TASK PROMPT - Please retype every record exactly as it appears, omitting the pictures.

Stored data -
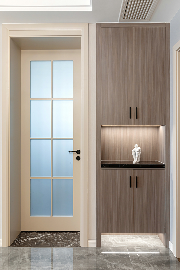 玄关柜嵌入墙体之中,与厨房门形成对称,不显突兀。柜体底部悬空约25厘米,不仅便于打扫,也能基本满足日常鞋子的摆放,而且设计师细心的在底部安装了感应灯带,这样业主回家再也不用面对黑漆漆的家了。
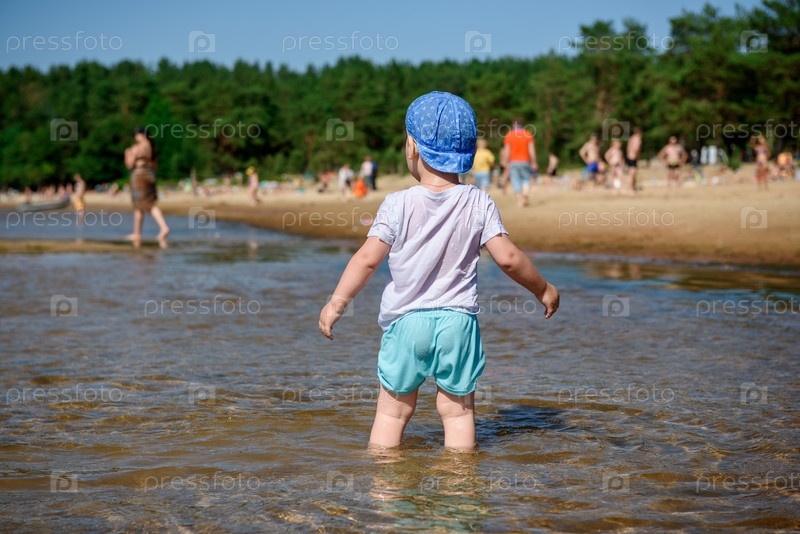 Маленький ребенок мальчик на речном пляже летом
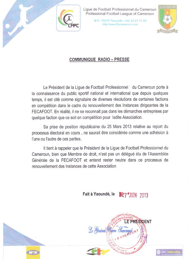 Le général Semengue est remonté contre l’utilisation abusive de son nom dans la crise actuelle qui secoue la fédération camerounaise de football. Il l’a d’ailleurs signifié ce jour par communiqué officiel.
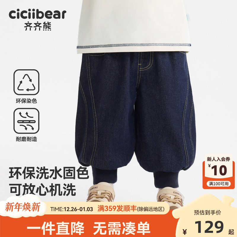[520G一体绒]齐齐熊男童牛仔裤加绒加厚冬款宝宝裤子儿童长裤休闲
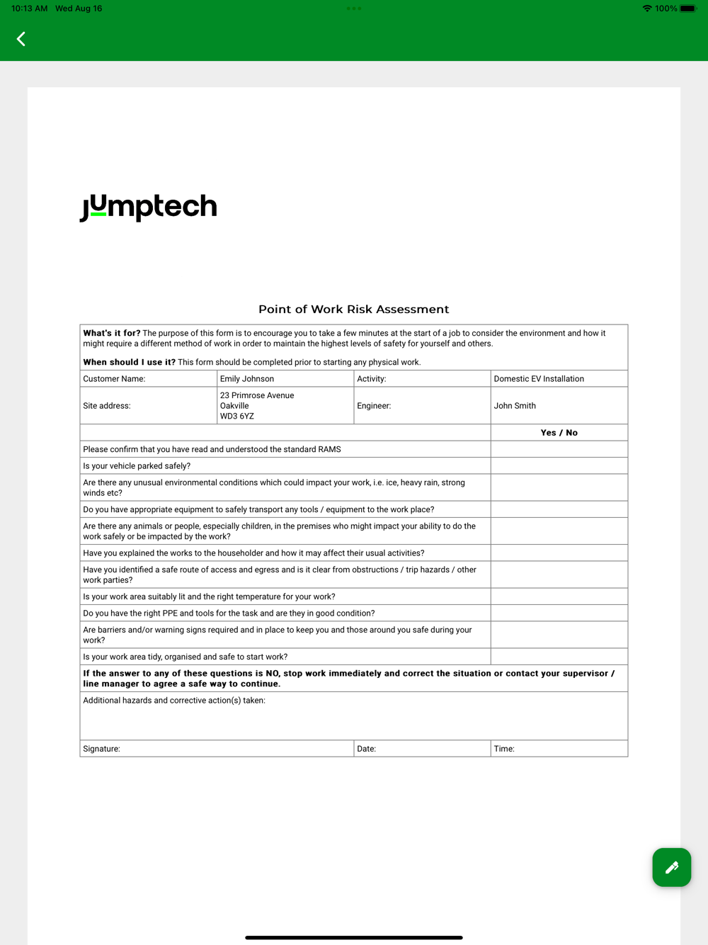 An app for electrical installers on Jumptech’s low-carbon technology installation platform. Execute tasks from Jumptech’s back-office workflow management system with checklists, photos and signature capture.
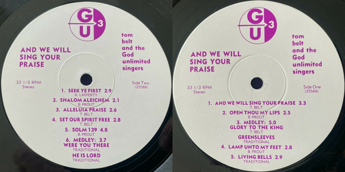 And We Will Sing Your Praise is an album by the American folk-rock group God Unlimited (credited Tom Belt and the God Unlimited Singers), self-released on their own label GU in 1975. “Recorded in Scottsdale, Arizona at the beautiful studio of engineer, Ed Ravenscroft with the assistance of Mark Alan Spitz.”
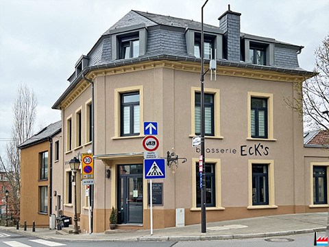 ![]() Brasserie Eck's, Dommeldange, coin rue d'Echternach et 2 rue des Hauts-Fourneaux (Photo: 6.4.2022 jmo) |
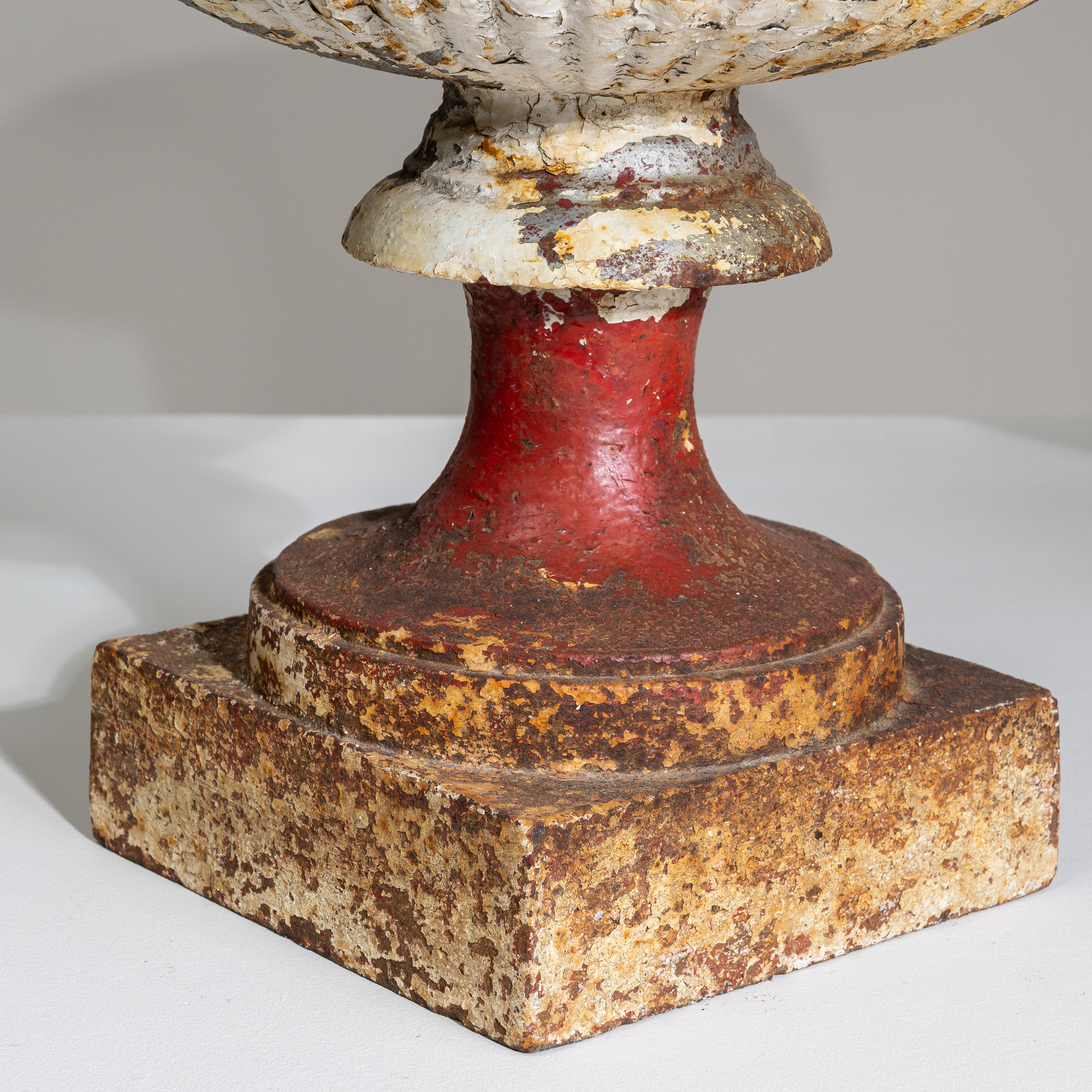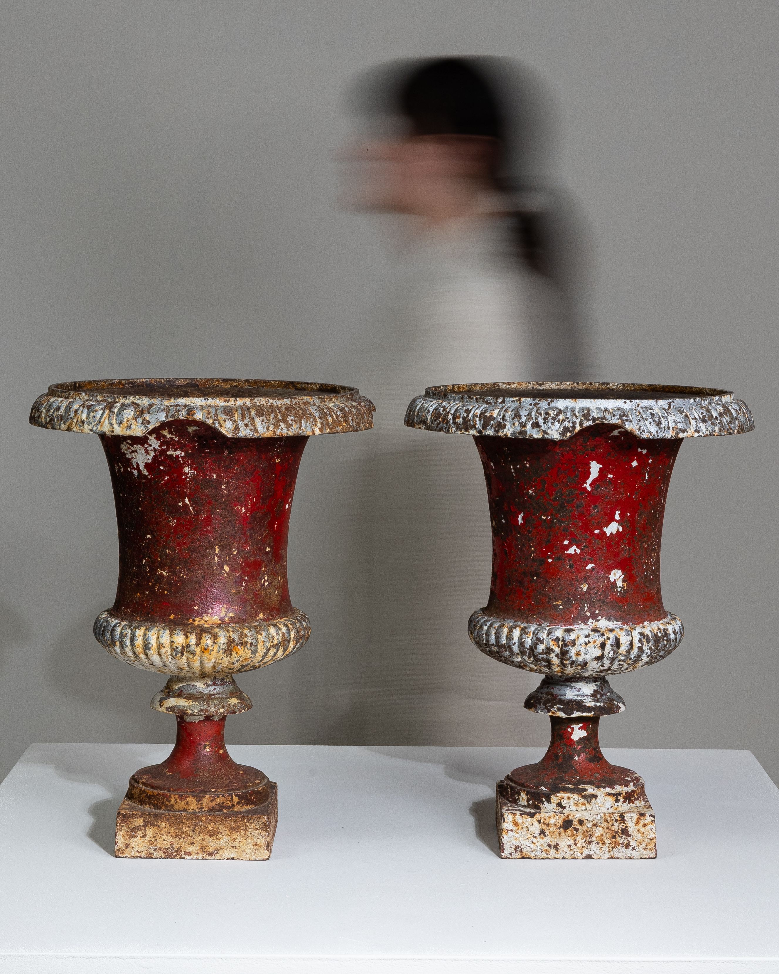 Pair Of Neoclassical Cast Iron Urns On Pedestals
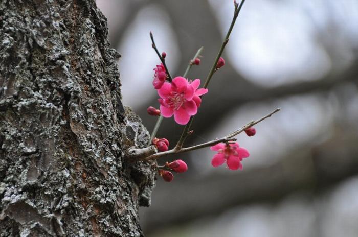 春先の湿った雪は、花の咲いた梅の木に付着して、太い幹までも圧し折られると言う大惨事を引き起こしている。
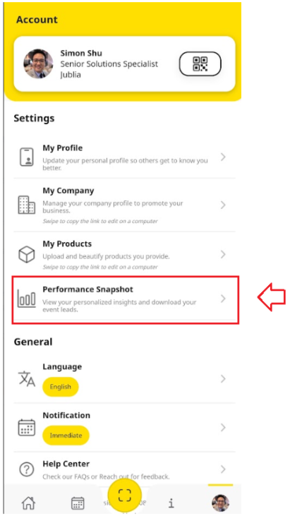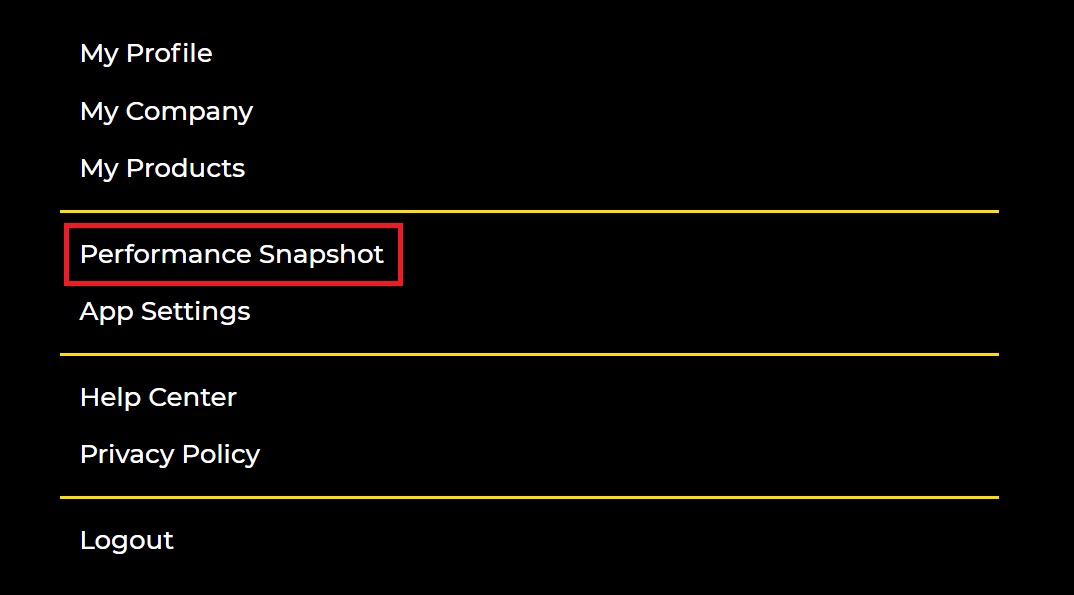To view the Performance Snapshot on your profile, simply click on your profile at the top right corner of the page and click on the Performance Snapshot.
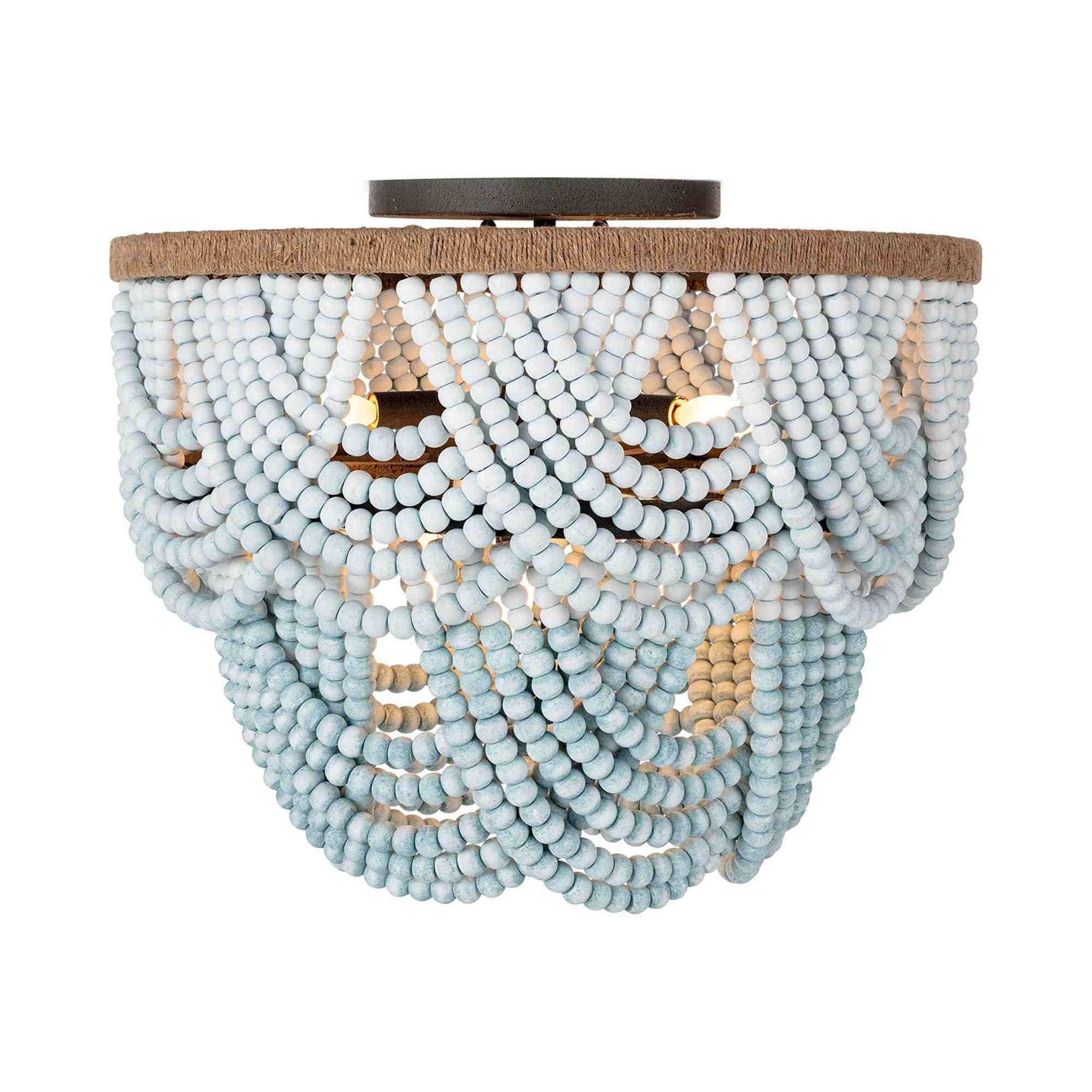 Illuminate your space with this stunning flush mount ceiling fixture. Featuring blue and natural wood beads draped gracefully in gradient layers, this 6-light fixture adds a coastal and bohemian charm to any room. The jute-wrapped circular frame enhances its natural appeal. Perfect for dry locations, it uses E12 base bulbs and is hardwired for a seamless look.
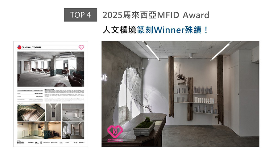 緯綸設計團隊呼應商空「釋放獨特自我」的品牌理念,採用減法設計精簡空間裝潢,並敲鑿原始建築的部分結構,形塑紀錄時光流逝般的質樸肌理,瀰漫頹廢藝術獨到美感的髮廊《Original Texture》,抱回2025 MFID商業空間類「Winner」大獎!
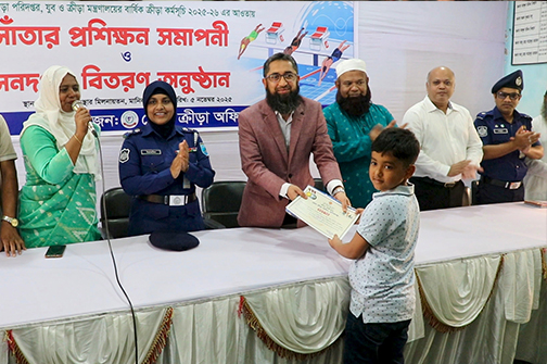 প্রধান অতিথির বক্তব্যে জেলা প্রশাসক ড. মানোয়ার হোসেন মোল্লা বলেন, “সাঁতার একটি জীবন রক্ষাকারী দক্ষতা। প্রতিটি শিশুর সাঁতার শেখা জরুরি, কারণ দুর্ঘটনাবশত পানিতে ডুবে মৃত্যুর ঘটনা আমাদের দেশে প্রায়ই ঘটে। এই প্রশিক্ষণ শিক্ষার্থীদের আত্মবিশ্বাসী হতে সহায়তা করেছে।”
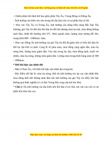 * Chú ý: Do ảnh hưởng của địa hình nên khí hậu ở các khu vực núi cao còn có sự
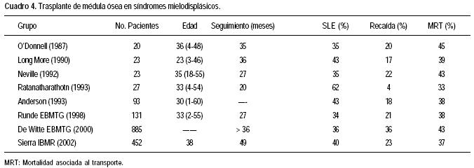 En una revisión reciente hecha por Benesch y Deeg,1 que incluyó 31 estudios publicados de 1990 a 2002, la supervivencia libre de recaída (SLR) fue de 874%, con una frecuencia de recaída de 071% y una mortalidad no asociada a recaída (MNAR) de 2872%. Las principales series de TCPH en SMD se muestran en el cuadro 4.
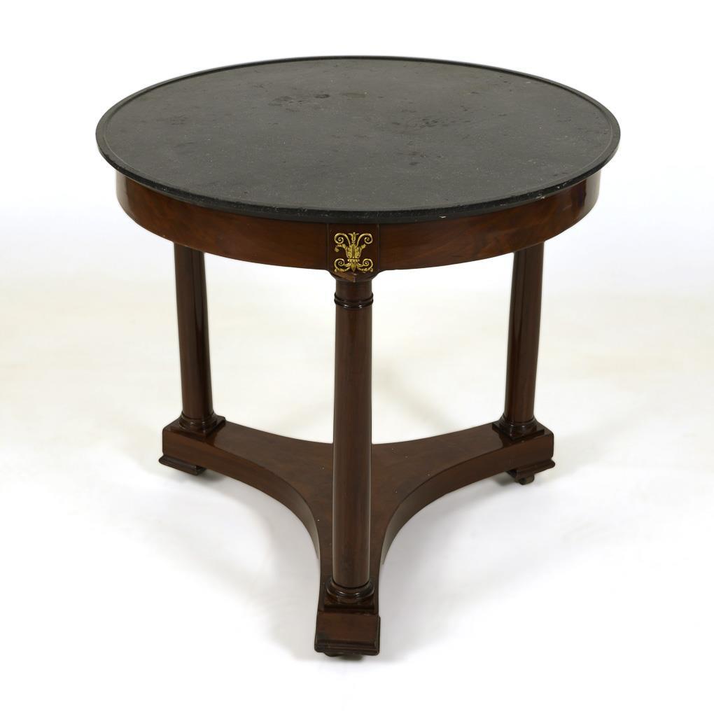 Runder Biedermeier-Salontisch mit schwarzer Marmorplatte.

EXERCISE RESPONSE -
 玄关柜嵌入墙体之中,与厨房门形成对称,不显突兀。柜体底部悬空约25厘米,不仅便于打扫,也能基本满足日常鞋子的摆放,而且设计师细心的在底部安装了感应灯带,这样业主回家再也不用面对黑漆漆的家了。
 Маленький ребенок мальчик на речном пляже летом
 Le général Semengue est remonté contre l’utilisation abusive de son nom dans la crise actuelle qui secoue la fédération camerounaise de football. Il l’a d’ailleurs signifié ce jour par communiqué officiel.
[520G一体绒]齐齐熊男童牛仔裤加绒加厚冬款宝宝裤子儿童长裤休闲
 An app for electrical installers on Jumptech’s low-carbon technology installation platform. Execute tasks from Jumptech’s back-office workflow management system with checklists, photos and signature capture.
 And We Will Sing Your Praise is an album by the American folk-rock group God Unlimited (credited Tom Belt and the God Unlimited Singers), self-released on their own label GU in 1975. “Recorded in Scottsdale, Arizona at the beautiful studio of engineer, Ed Ravenscroft with the assistance of Mark Alan Spitz.”
 ![]() Brasserie Eck's, Dommeldange, coin rue d'Echternach et 2 rue des Hauts-Fourneaux (Photo: 6.4.2022 jmo) |
 Pair Of Neoclassical Cast Iron Urns On Pedestals
 春先の湿った雪は、花の咲いた梅の木に付着して、太い幹までも圧し折られると言う大惨事を引き起こしている。
To view the Performance Snapshot on your profile, simply click on your profile at the top right corner of the page and click on the Performance Snapshot.
 Illuminate your space with this stunning flush mount ceiling fixture. Featuring blue and natural wood beads draped gracefully in gradient layers, this 6-light fixture adds a coastal and bohemian charm to any room. The jute-wrapped circular frame enhances its natural appeal. Perfect for dry locations, it uses E12 base bulbs and is hardwired for a seamless look.
 緯綸設計團隊呼應商空「釋放獨特自我」的品牌理念,採用減法設計精簡空間裝潢,並敲鑿原始建築的部分結構,形塑紀錄時光流逝般的質樸肌理,瀰漫頹廢藝術獨到美感的髮廊《Original Texture》,抱回2025 MFID商業空間類「Winner」大獎!
 প্রধান অতিথির বক্তব্যে জেলা প্রশাসক ড. মানোয়ার হোসেন মোল্লা বলেন, “সাঁতার একটি জীবন রক্ষাকারী দক্ষতা। প্রতিটি শিশুর সাঁতার শেখা জরুরি, কারণ দুর্ঘটনাবশত পানিতে ডুবে মৃত্যুর ঘটনা আমাদের দেশে প্রায়ই ঘটে। এই প্রশিক্ষণ শিক্ষার্থীদের আত্মবিশ্বাসী হতে সহায়তা করেছে।”
 * Chú ý: Do ảnh hưởng của địa hình nên khí hậu ở các khu vực núi cao còn có sự
 En una revisión reciente hecha por Benesch y Deeg,1 que incluyó 31 estudios publicados de 1990 a 2002, la supervivencia libre de recaída (SLR) fue de 874%, con una frecuencia de recaída de 071% y una mortalidad no asociada a recaída (MNAR) de 2872%. Las principales series de TCPH en SMD se muestran en el cuadro 4.
 Runder Biedermeier-Salontisch mit schwarzer Marmorplatte.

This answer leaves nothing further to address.